Further studies are required to characterise the KRAS mutant GC subgroup at a molecular level in order to better understand the biological effects of KRAS mutation in GC. It would be of particular interest to establish whether the RTK/RAS signalling pathway might be activated in GC due to multiple concomitant mutations of genes related to RTK/RAS signalling or concomitant gene amplifications also present in only small subsets of GC (Deng et al, 2012). The presence of up to 40% concomitant EGFR pathway-related mutations has been reported in a small study (n=63) of GC very recently (Corso et al, 2011). However, BRAF mutations do not seem to have any role in GC.
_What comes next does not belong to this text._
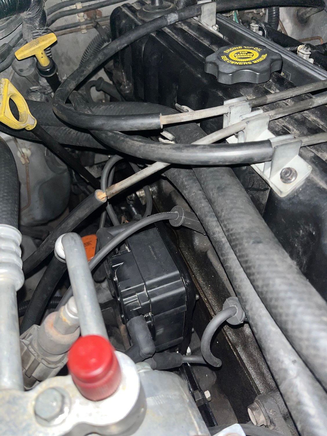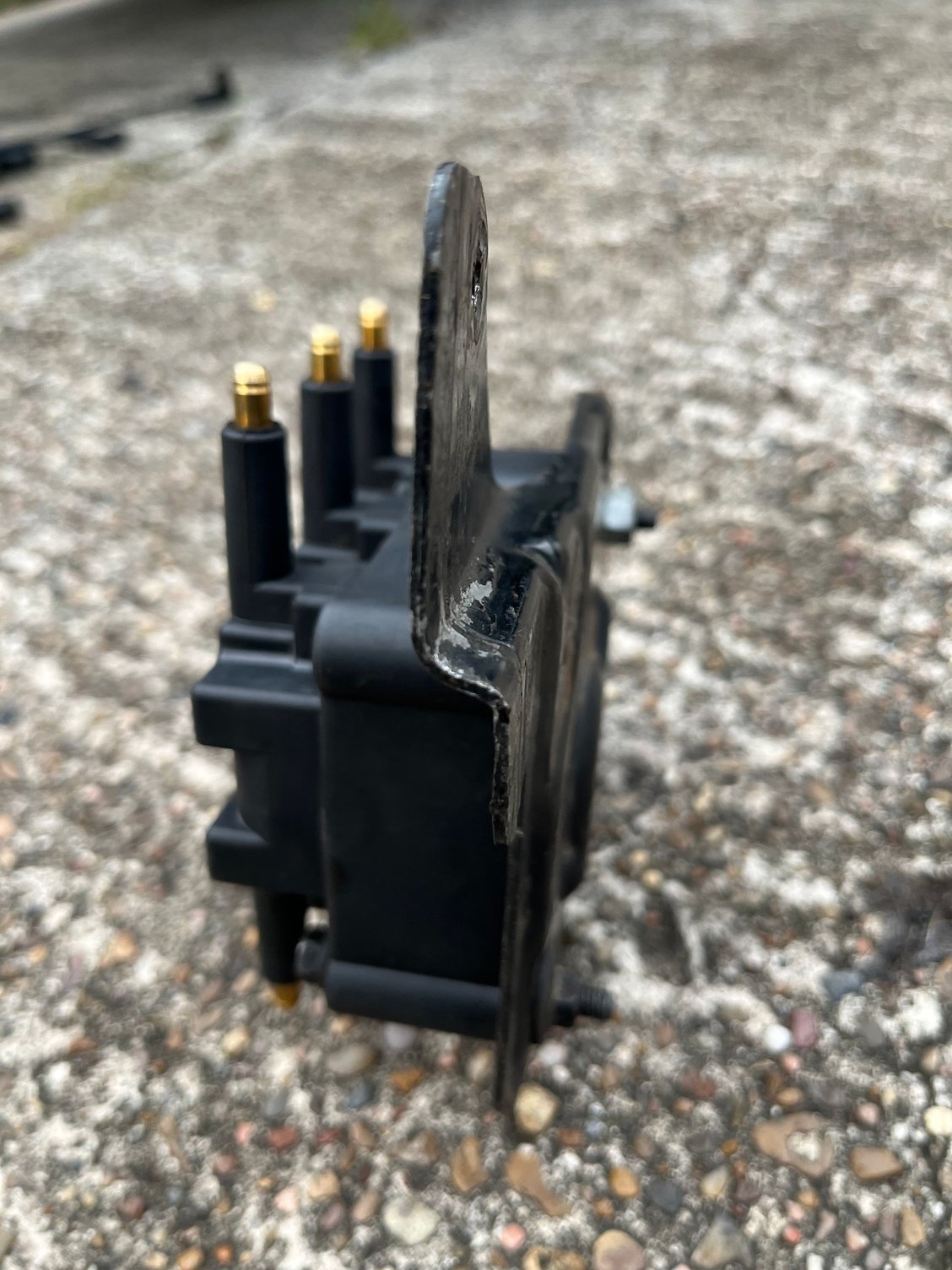 A coil bracket from a 4.0 XJ that has a distributor.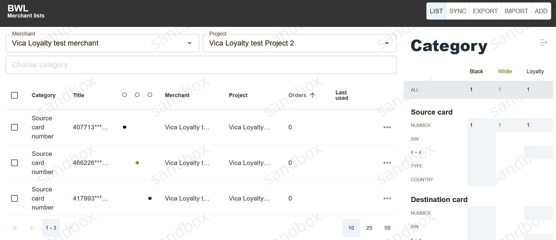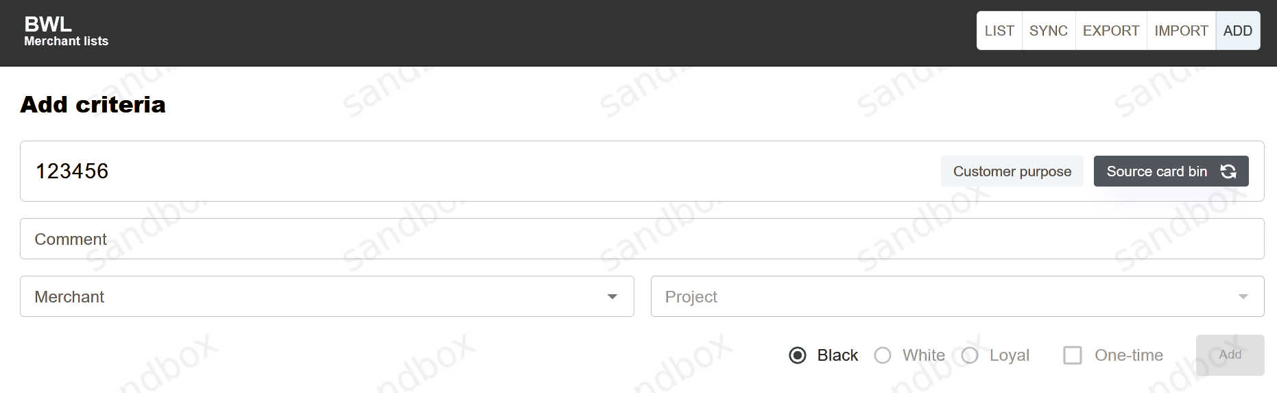 There are 3 types of access control lists, which work as filter checks in Payment Gateway. Lists are being checked while processing the transaction when the respective filter gets applied. BWL screen is designed to manage white, black and loyalty customer lists. This screen is located in “Tools” -> “Black & White lists”. It makes the process of putting the transactions’ attributes to respective lists faster and easier. It also has quick search which helps to find the exact transaction attribute added previously.

The current study has some limitations that are mainly related to the fact that this was a retrospective study. Although this is a very large series of GC with more than 700 patients, the interpretation of the results remains challenging, as the prevalence of KRAS mutation, DNA MMR deficiency and combined KRAS mutation/DNA MMR deficiency is relatively low. Hence, even this large multicentre study may still be underpowered to detect an association between KRAS mutation and overall survival. However, there was a trend in the current study that the presence of a KRAS mutation was associated with better overall survival in GC patients, which is in contrast to studies in colorectal cancer.

For the current study, we used DNA from a single tissue block found to be representative of the primary cancer based on morphology. Gastric cancer is known to be very heterogeneous and thus, by using only one block we may have underestimated the true mutation frequency. However, there is currently no evidence in the literature to support that KRAS/BRAF mutations are heterogeneous in GC or that the frequency differs between primary cancer and lymph node metastasis. For practical reasons, we have used different methods to evaluate the KRAS mutation status in the different patient cohorts. However, all methods have shown to be able to detect mutations in samples with less than 10% mutated tumour cells (Heideman et al, 2012) and all samples used for extraction had in effect more than 30% of tumour cells. Unfortunately, we do not have access to material from clinical studies investigating the efficacy of EGFR inhibitors. Hence, it remains to be shown whether KRAS mutation status predicts treatment response in GC patients.

In summary, this is the largest study to date investigating the KRAS and BRAF mutation status as well as DNA MMR status in locally advanced, resectable GC from the East and the West. The study confirms that KRAS mutations and DNA MMR deficiency have a role in a small subgroup of GC irrespective of country of origin of the patient.

These data suggest that neither KRAS mutations nor DNA MMR deficiency are related to the very different GC incidence in the East and the West. Similar KRAS mutation frequency and similar incidence of DNA MMR deficiency in GC patients from multiple cohorts may suggest that these particular subgroup of GC may have develop along a common yet to be identified pathway. Further molecular characterisation of these GC subgroups is needed to understand the biological effect of KRAS mutations and DNA MMR in GC.